Los Angeles, late 2006 – It’s several months since Ken and I worked together on his “The Girl With The Golden Breasts” episode of the anthology film Trapped Ashes, which he directed and I wrote & produced. At the end of the episode, to everyone’s surprise, Ken appeared as one of the mad scientists who flash their vampiric female breasts to the camera; he kept the fact that he was playing one of the doctors a secret until we actually shot. During editing he took to calling me “Dennis Scissorhands” for cutting his segment down (the full-length cut was eventually released on the DVD, to Ken’s grudging satisfaction.)

I received word that Ken had suddenly been left homeless: a fire had gutted his beautiful thatched cottage, Old Tinsley, nearly killing his lovely fourth wife, Elize, who managed to escape at the last moment. Later I learn he decided not to rebuild.

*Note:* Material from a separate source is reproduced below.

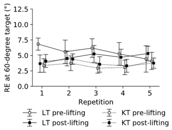 Within the groups, a significant interaction effect of the measurement time and repetition was found (F [10,100] = 4.32, p < 0.01). However, the post hoc tests revealed no significant differences between measurement times at different repetitions. The estimation of the effect sizes revealed a small reduction from pre-lifting to post-lifting in the leukotape group at the 60-degree target position (d = 0.30), while no such effect was found in the kinesio tape group (d = 0.17) (Table 2, Figure 4).

Nay, more annoying than the fear which they inspired was the odious extravagance of their equipment, with their gilded sails, and purple awnings, and silvered oars – Plutarch describing the Cilician Pirates

Los Angeles, late November 2011 – I just received word that Ken has passed away. We’d been in touch recently when I helped attach him to direct a planned remake of the 1976 film Alice In Wonderland: An X-Rated Musical Fantasy, which he was quite excited about.

Although my Triumph Spitfire is long gone, sometimes driving through Hollywood at night with the windows down, when I pass a certain point I can still hear echoes of a mad Englishman chanting “baksheesh … baksheesh!!” for his own wild pleasure.

 

Dennis Bartok is a writer-producer and former programmer at the American Cinematheque in Hollywood.